Thursday, October 4, 2018

Artist Profile Series: Sherry Kleinman

Sherry Kleinman
Pacific Palisades, California
1. What is sitting on the edges of your work table?  My computer and my sewing machine share my work table; surrounded by needles, pins, scissors, pieces of paper, and remnants of multiple recent projects.   I most often work on multiple projects at the same time.  Creative clutter is an apt descriptive word for my surroundings.

2. If someone looked beneath the surface, what could be revealed that we might not know about you?  I exchange postcards with people around the world (over 1000 sent and received) with Postcrossing.com for the past 7+ years.  I ask for art postcards.  I have acquired an amazing collection of artist’s cards.  What a mix I have in my collection, some well known paintings and others not; each an inspiration to me.

3. What occupies the space between your sewing machine and your cutting table?  The kitchen or my living room (depending on which circular path one takes in my house), as my machine is my studio and my cutting table is also my rarely used (for eating) formal dining room table.

4. What is the most exquisite moment in your artistic life?  Spending uninterrupted moments in my studio creating and completely losing track of time.

5. Do you have daily rituals in your studio?  No, I might have a goal in mind, but am flexible if I take a different path.  I like spontaneous moments and inspirations that happen unexpectedly.

6. Reflecting on the quilts that you have made, which one stands out to you?  Hard to pick one as each reflects where I was creatively at each given moment.  I found immense satisfaction creating My Family Tree quilt.  I had to assemble family names from both my and my husband’s families; have them printed onto fabric; create portraits of myself, my husband, and three daughters; and assemble into a finished quilt.  I have since created one for my oldest daughter with her husband’s family.  I plan to do two more, one for each of my other daughters.  It really creates a visual DNA with the hundreds of repeated names printed onto the fabric in a new and creative form.

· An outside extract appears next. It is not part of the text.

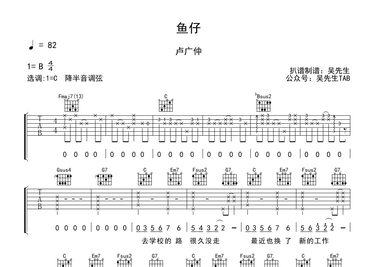 卢广仲《鱼仔》吉他谱 - C调弹唱六线谱

7. What do you have an affinity for in your work?  I like colors and contrasting shapes and lines.

8. What kinds of patterns do you use in your work to create interest and texture? I like to add random hand seed stitches to my machine stitches which adds interest and dimension.

9. What personal iconography is identifiable to you exclusively in your work?  My use of iPad apps to recreate photos I have taken with drawn lines that are then machine and hand stitched.

10. What was your inspiration for the Best of Dinner at Eight?  I wanted to create something with personal meaning to me.  Seeing my 4 year old grand-daughter interact with my childhood doll Winnie “spoke” to me about the role of dolls, little girls, and imaginative play.  Having raised three daughters who are all now artists, I see this piece as a link that ties us all together creatively from our childhoods to adulthood.